TASK DIRECTIONS: Return an exact copy of the lines from the one holding "Early 14th-century Europe" to the end of the data, including both the starting and final lines. Leave the pictures out.

Data items:
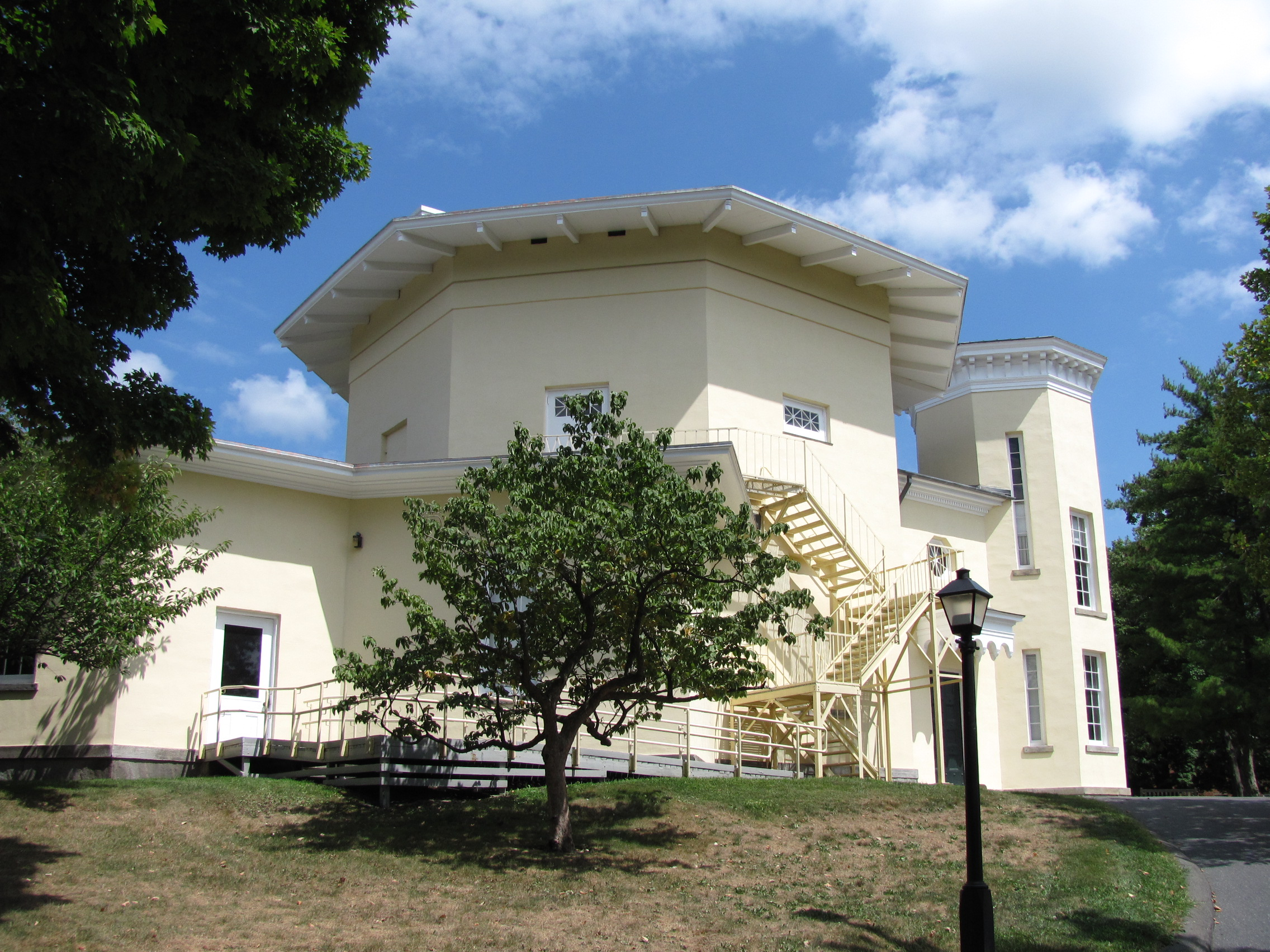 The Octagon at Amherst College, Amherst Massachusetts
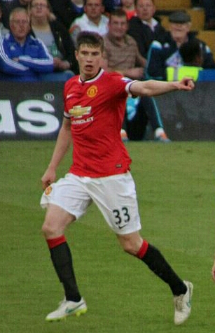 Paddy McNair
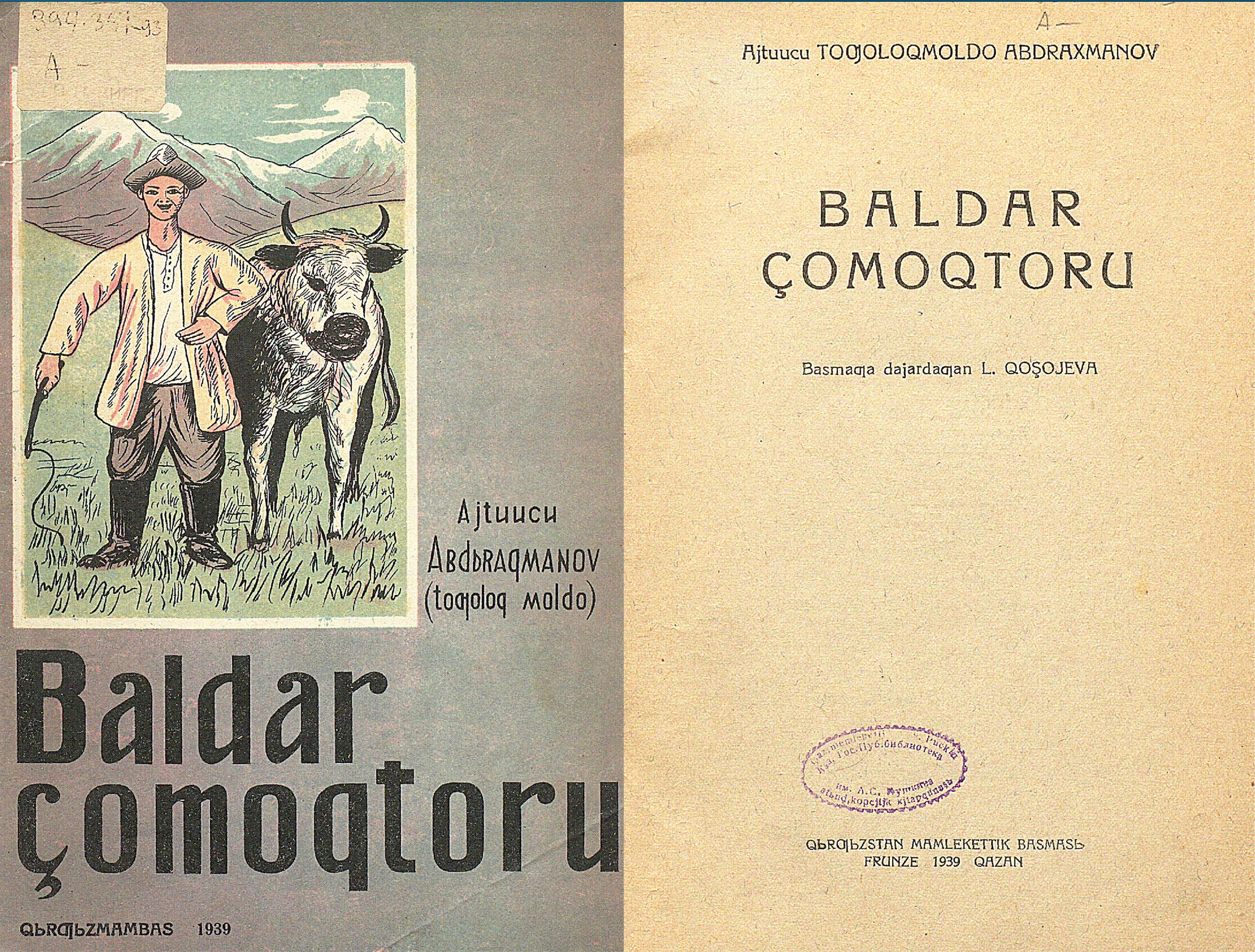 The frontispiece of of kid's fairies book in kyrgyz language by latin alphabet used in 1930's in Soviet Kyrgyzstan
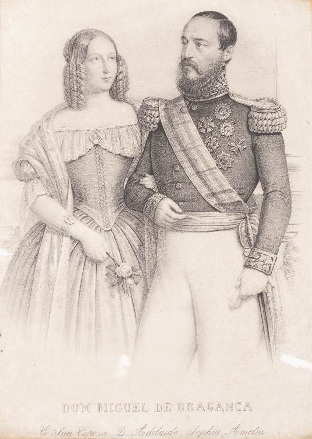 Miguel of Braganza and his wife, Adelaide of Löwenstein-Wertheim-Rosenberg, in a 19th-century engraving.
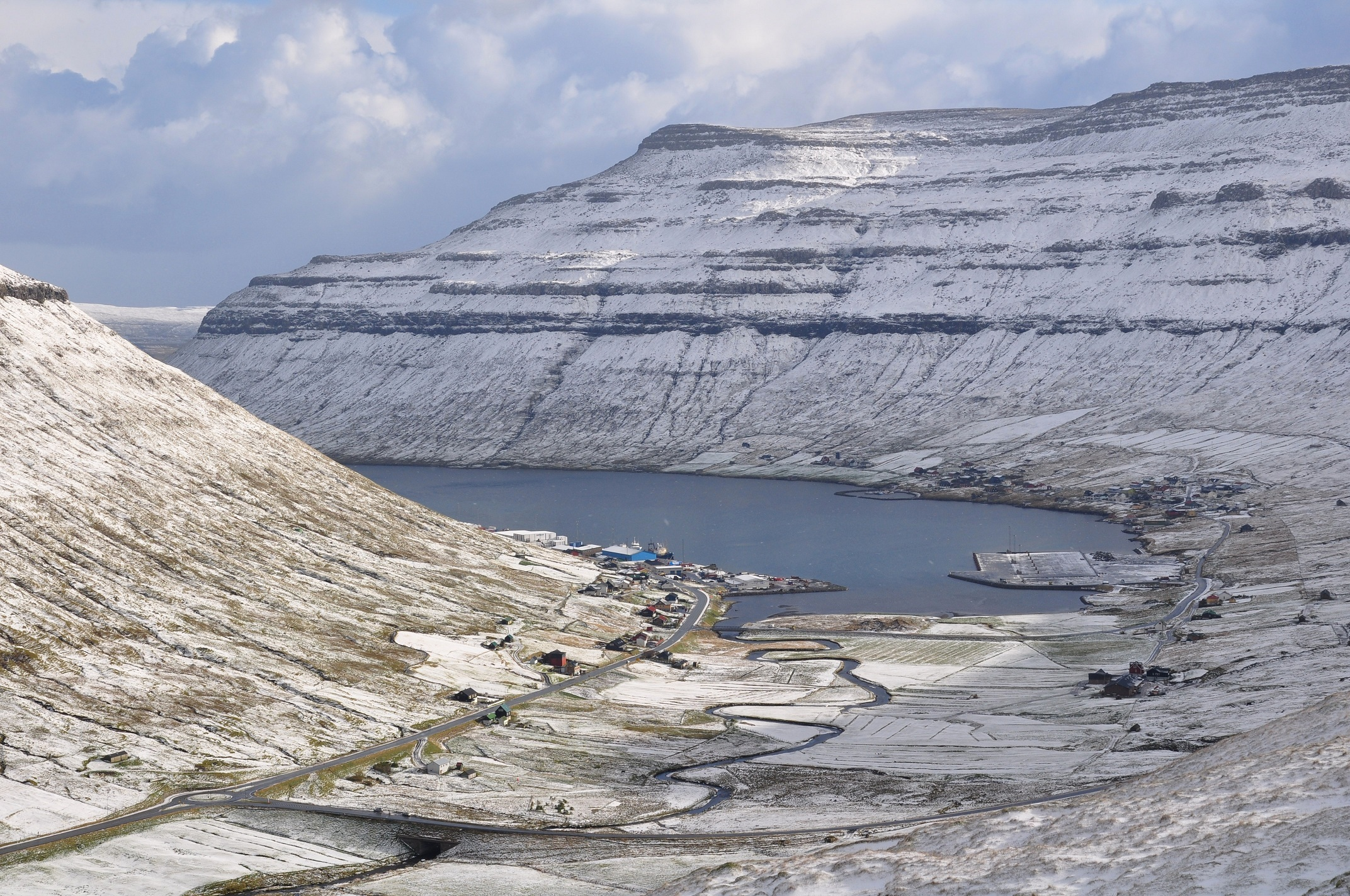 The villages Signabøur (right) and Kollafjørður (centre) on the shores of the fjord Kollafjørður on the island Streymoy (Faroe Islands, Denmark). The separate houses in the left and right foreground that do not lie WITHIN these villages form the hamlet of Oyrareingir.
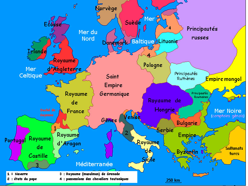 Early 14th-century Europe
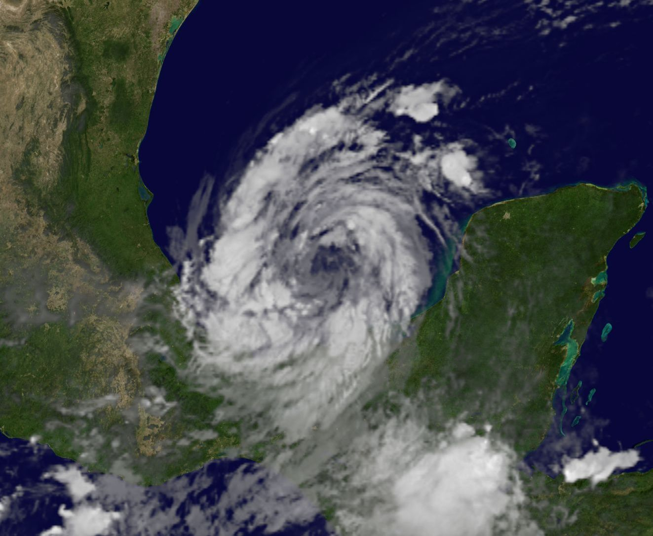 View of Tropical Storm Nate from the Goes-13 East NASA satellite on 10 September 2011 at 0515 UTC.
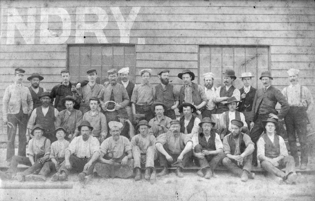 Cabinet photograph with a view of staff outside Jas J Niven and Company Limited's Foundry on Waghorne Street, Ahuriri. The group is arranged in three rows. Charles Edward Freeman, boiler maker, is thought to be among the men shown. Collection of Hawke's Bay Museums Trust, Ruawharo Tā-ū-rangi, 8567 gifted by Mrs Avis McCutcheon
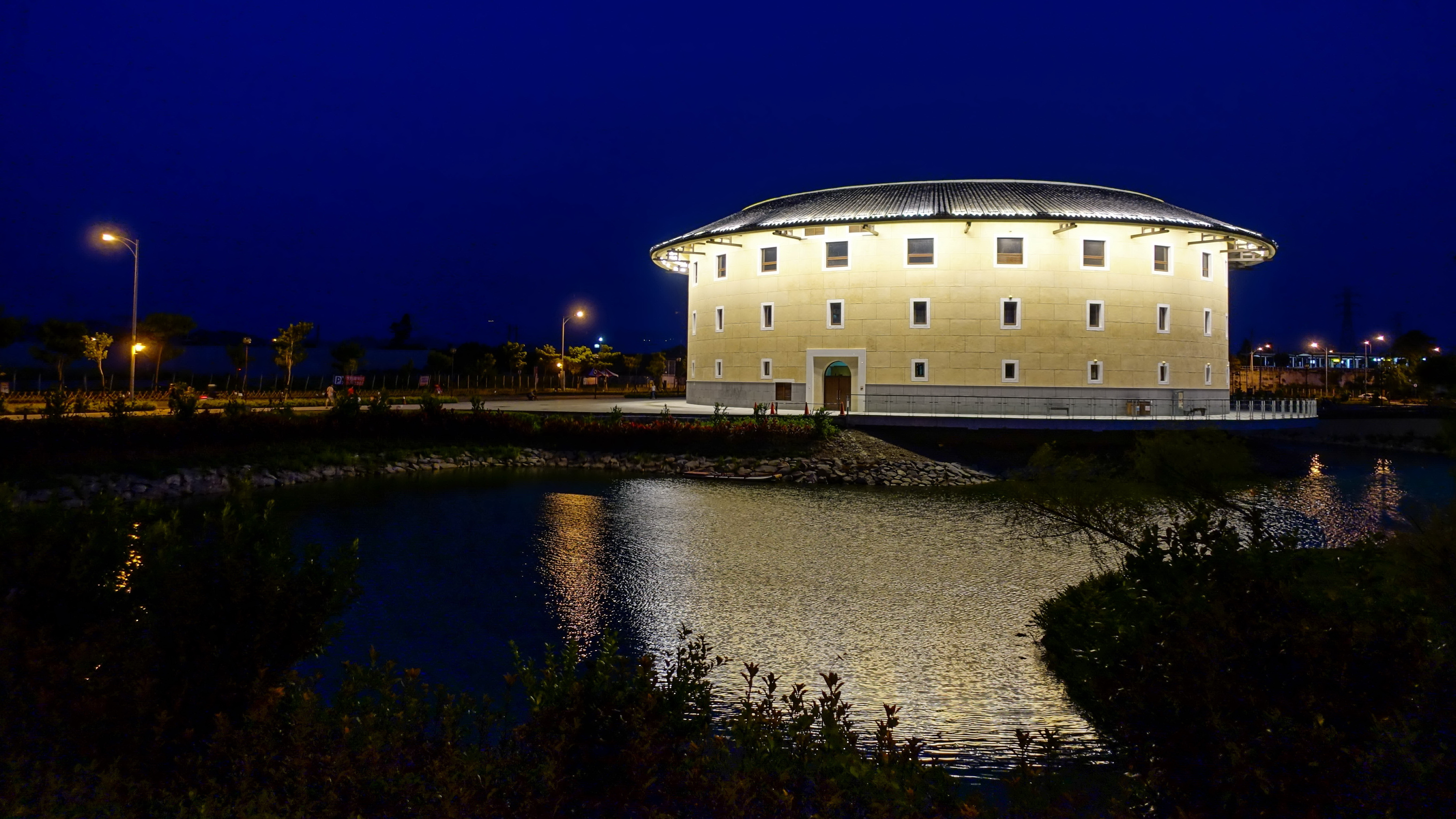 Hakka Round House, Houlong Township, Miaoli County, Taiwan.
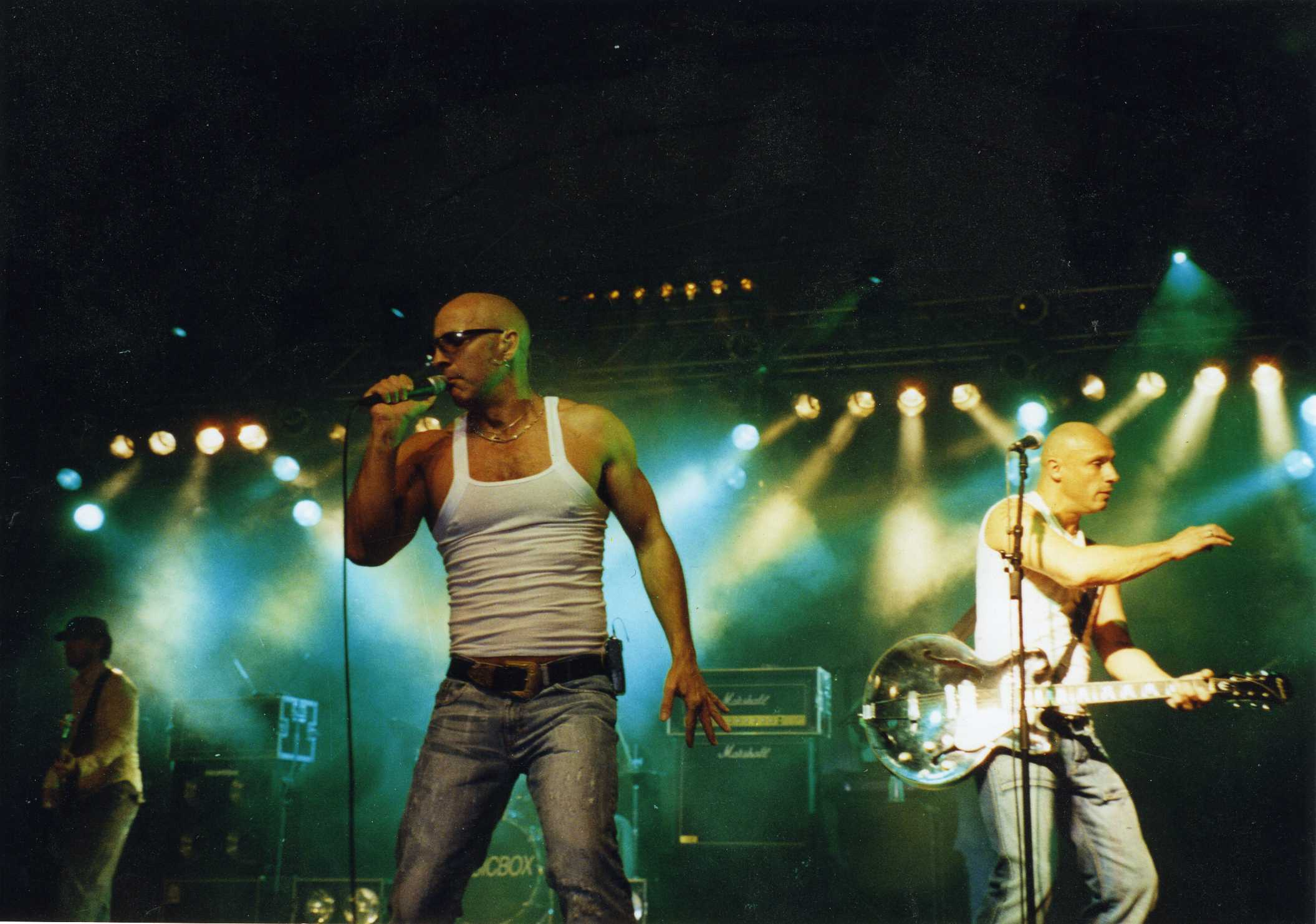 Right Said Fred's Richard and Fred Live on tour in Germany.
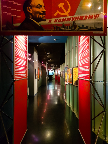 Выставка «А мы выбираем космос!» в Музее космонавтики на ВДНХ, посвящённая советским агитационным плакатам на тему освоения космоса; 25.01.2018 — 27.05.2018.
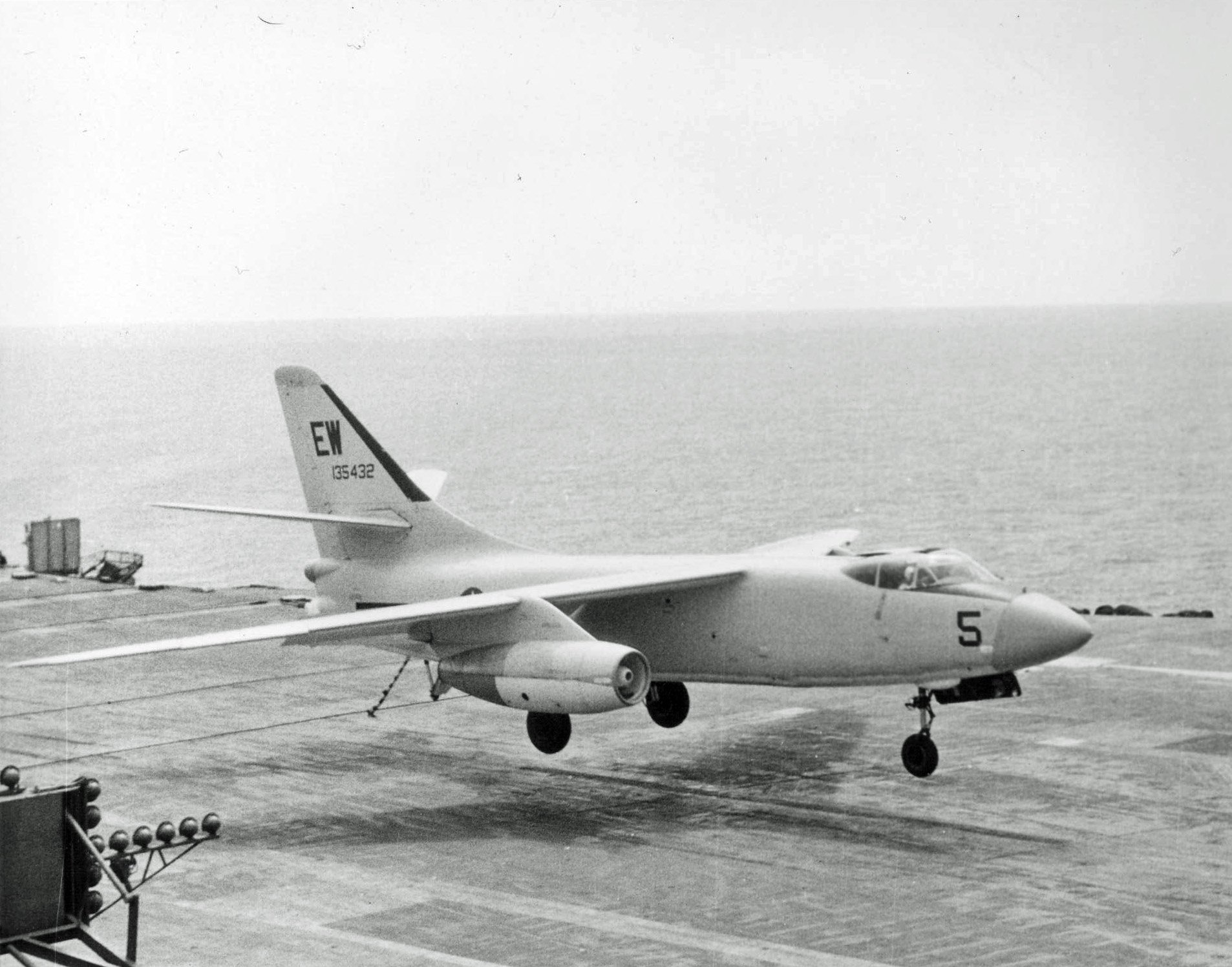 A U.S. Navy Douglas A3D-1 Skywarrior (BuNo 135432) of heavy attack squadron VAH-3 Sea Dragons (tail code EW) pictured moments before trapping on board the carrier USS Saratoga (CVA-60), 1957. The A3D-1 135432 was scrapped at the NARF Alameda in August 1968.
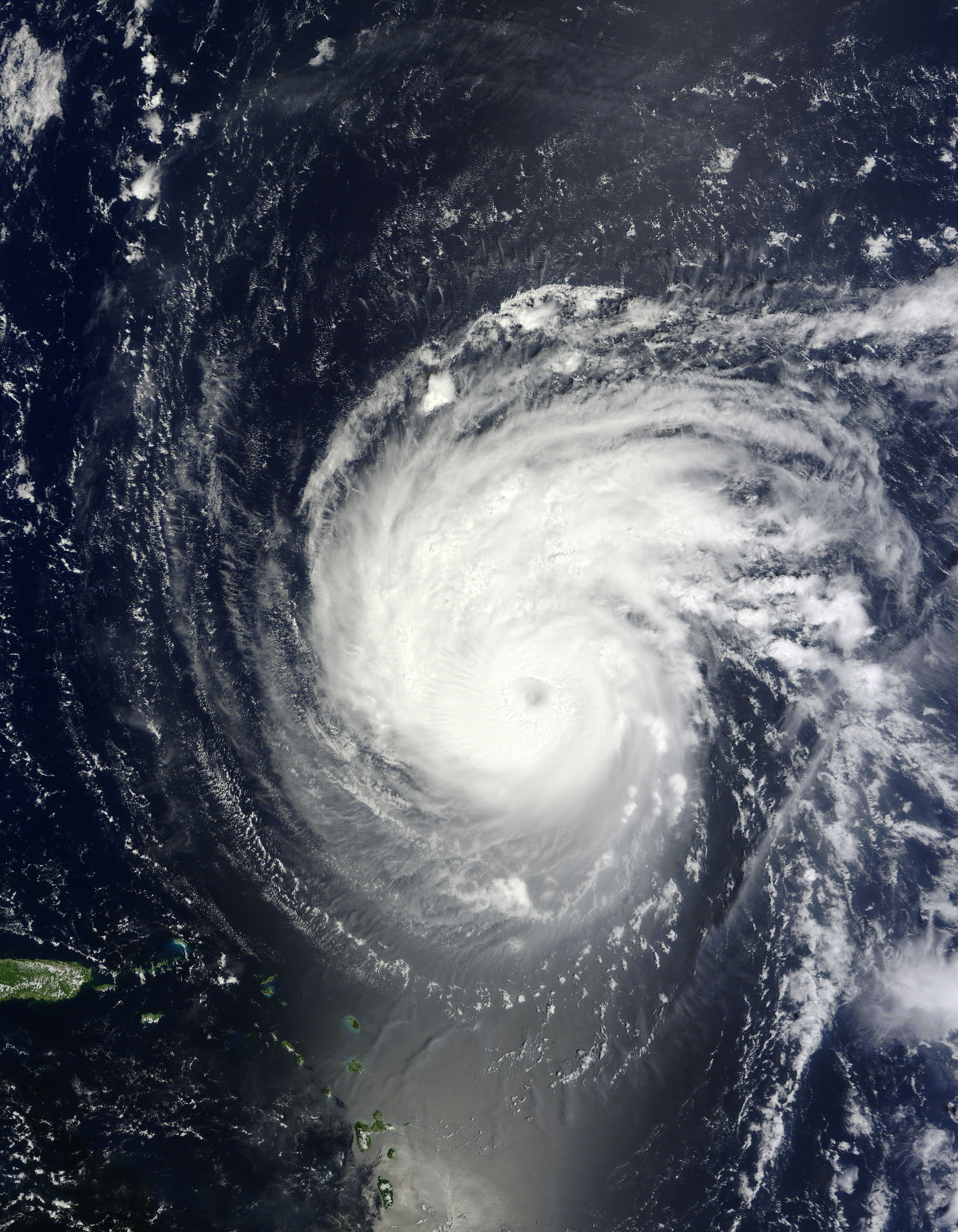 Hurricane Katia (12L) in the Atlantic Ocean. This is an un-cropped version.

WORKED SOLUTION:
 Early 14th-century Europe
 View of Tropical Storm Nate from the Goes-13 East NASA satellite on 10 September 2011 at 0515 UTC.
 Cabinet photograph with a view of staff outside Jas J Niven and Company Limited's Foundry on Waghorne Street, Ahuriri. The group is arranged in three rows. Charles Edward Freeman, boiler maker, is thought to be among the men shown. Collection of Hawke's Bay Museums Trust, Ruawharo Tā-ū-rangi, 8567 gifted by Mrs Avis McCutcheon
 Hakka Round House, Houlong Township, Miaoli County, Taiwan.
 Right Said Fred's Richard and Fred Live on tour in Germany.
 Выставка «А мы выбираем космос!» в Музее космонавтики на ВДНХ, посвящённая советским агитационным плакатам на тему освоения космоса; 25.01.2018 — 27.05.2018.
 A U.S. Navy Douglas A3D-1 Skywarrior (BuNo 135432) of heavy attack squadron VAH-3 Sea Dragons (tail code EW) pictured moments before trapping on board the carrier USS Saratoga (CVA-60), 1957. The A3D-1 135432 was scrapped at the NARF Alameda in August 1968.
 Hurricane Katia (12L) in the Atlantic Ocean. This is an un-cropped version.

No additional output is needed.